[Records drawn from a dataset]
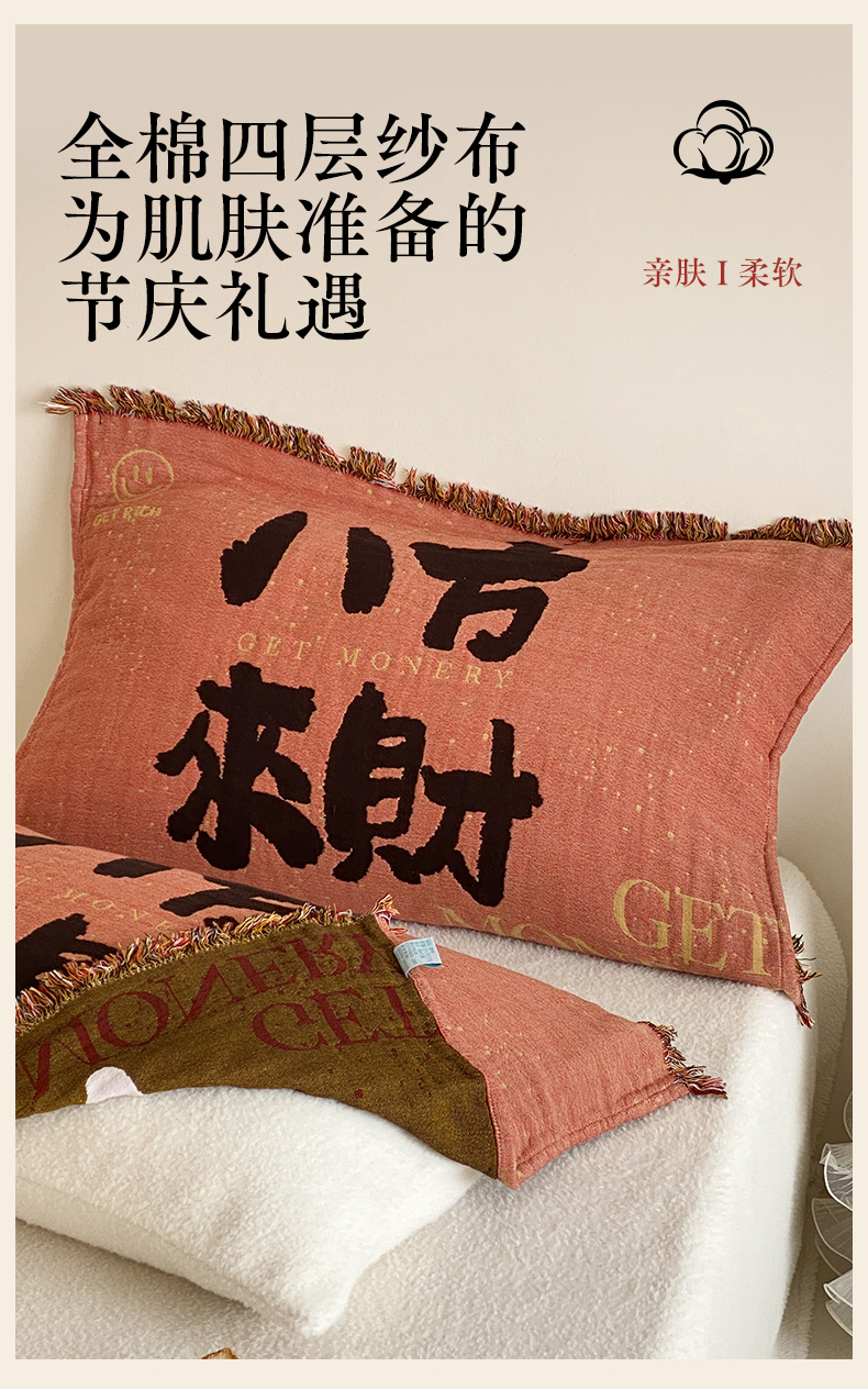 (总)麻依 2025新款婚庆全棉流苏款四层纱布枕巾,发财暴富52*75,福禄52*75,福娃52*75,好运52*75,锦鲤52*75,平安喜乐52*75,新年快乐52*75
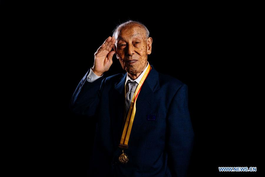 Photo taken on Sept.2, 2015 shows the image of Kobayashi Kancho, in Beijing, capital of China. During the WII, Kobayashi Kancho arrived in China as anenemy soldier but later joined the Eighth Route Army of the National Revolutionary Army under the leadership of the Communist Party of China. Chinese President Xi Jinping on Wednesday granted medals to 10 international anti-fascist fighters who fought for China in World War II. (Xinhua/Liu Jinhai)
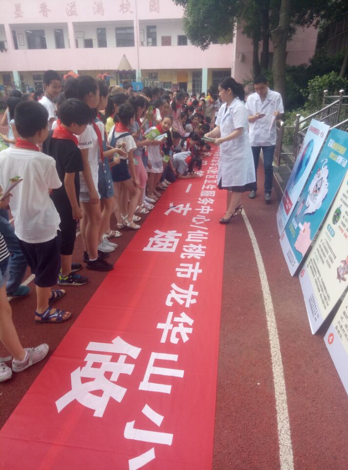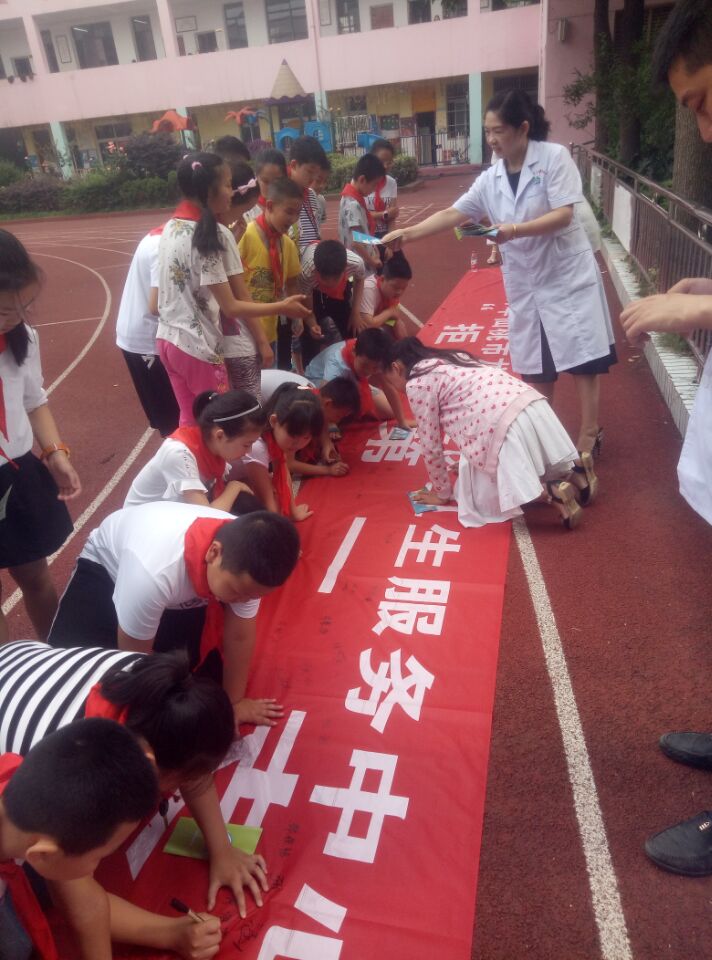 活動現場,龍華山辦事處社區衛生防疫服務中心專家解讀了《據吸第一支煙,做禁煙新一代》活動意義,闡明了全面禁煙工作的背景和意義,分析了煙草的危害性,強調了全面禁煙的責任和義務,講解了吸煙的各種危害和禁煙的重要性;隨后,師生們紛紛加入到簽名隊伍中來,現場氣氛十分熱烈。不一會,在“從我做起拒絕煙草,創建‘無煙校園’;遠離煙草,做不吸煙的新一代”的20米長條幅上,密密麻麻地寫滿了名字。
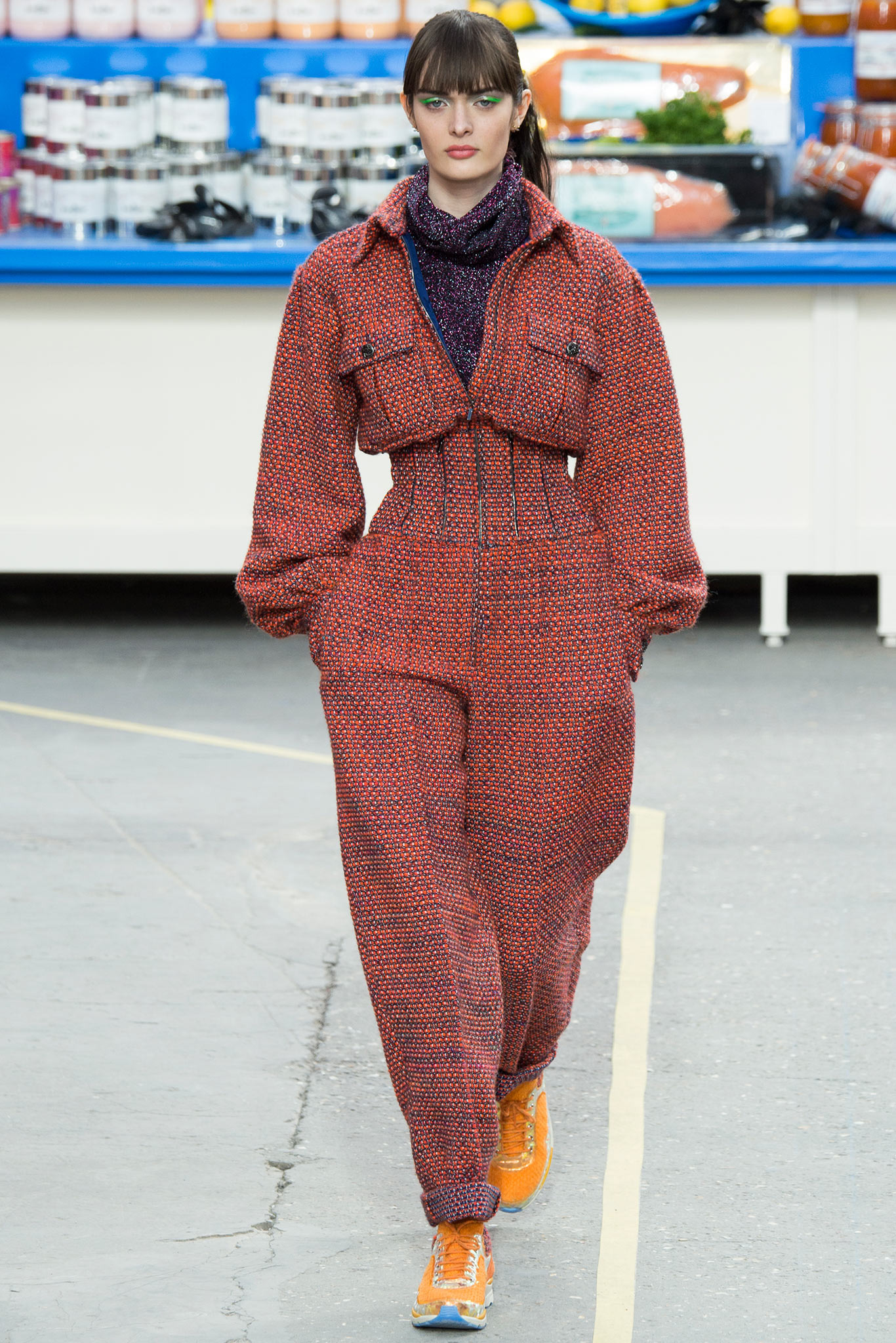 時尚同時也是流行文化的一環。所以當看到Chanel的會場佈置成超級市場的時候,其實內心是充滿期待的,想說藉由一般民眾在這挑選商品的方式來隱喻高級時裝的經典昂貴快速汰換之間的反差衝突。同時,在上一季和高訂時和藝術結合的線條與商品之後,這次與流行文化的融合會有什麼驚喜。
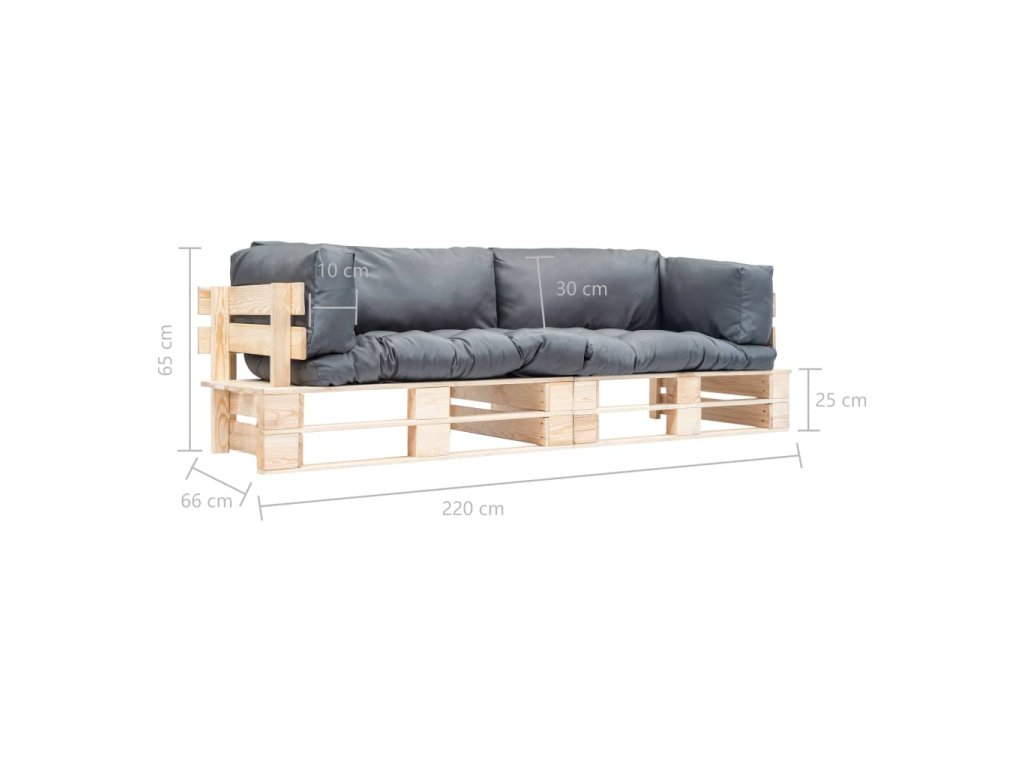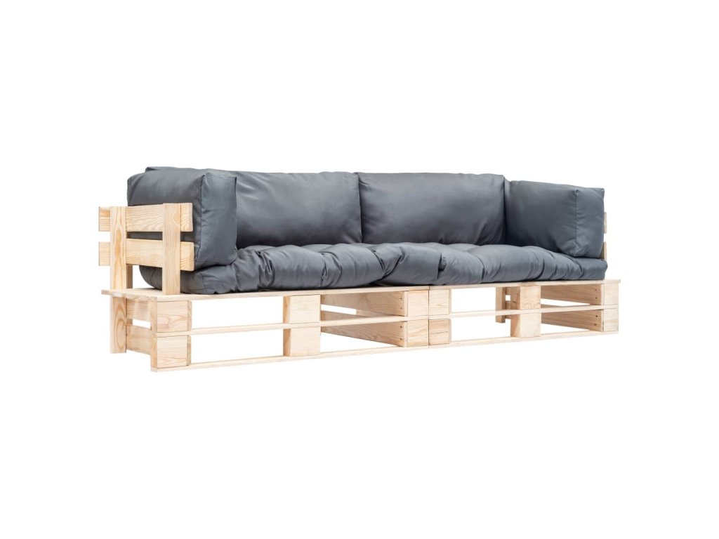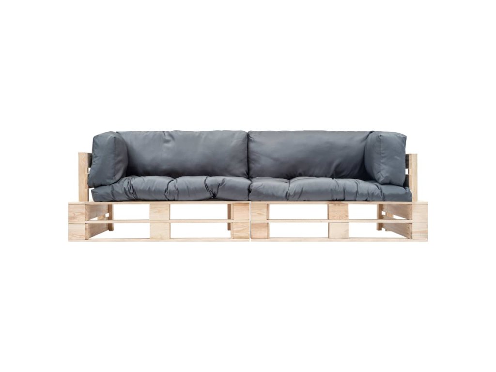 vidaXL 2-dielna záhradná súprava z paliet, sivé podložky, borovica

> _Task description_
Please transcribe, word for word, every line from the one containing "活動現場,龍華山辦事處社區衛" through the last line of the records, both included, and leave the pictures out.

> _Output_
 活動現場,龍華山辦事處社區衛生防疫服務中心專家解讀了《據吸第一支煙,做禁煙新一代》活動意義,闡明了全面禁煙工作的背景和意義,分析了煙草的危害性,強調了全面禁煙的責任和義務,講解了吸煙的各種危害和禁煙的重要性;隨后,師生們紛紛加入到簽名隊伍中來,現場氣氛十分熱烈。不一會,在“從我做起拒絕煙草,創建‘無煙校園’;遠離煙草,做不吸煙的新一代”的20米長條幅上,密密麻麻地寫滿了名字。
 時尚同時也是流行文化的一環。所以當看到Chanel的會場佈置成超級市場的時候,其實內心是充滿期待的,想說藉由一般民眾在這挑選商品的方式來隱喻高級時裝的經典昂貴快速汰換之間的反差衝突。同時,在上一季和高訂時和藝術結合的線條與商品之後,這次與流行文化的融合會有什麼驚喜。
 vidaXL 2-dielna záhradná súprava z paliet, sivé podložky, borovica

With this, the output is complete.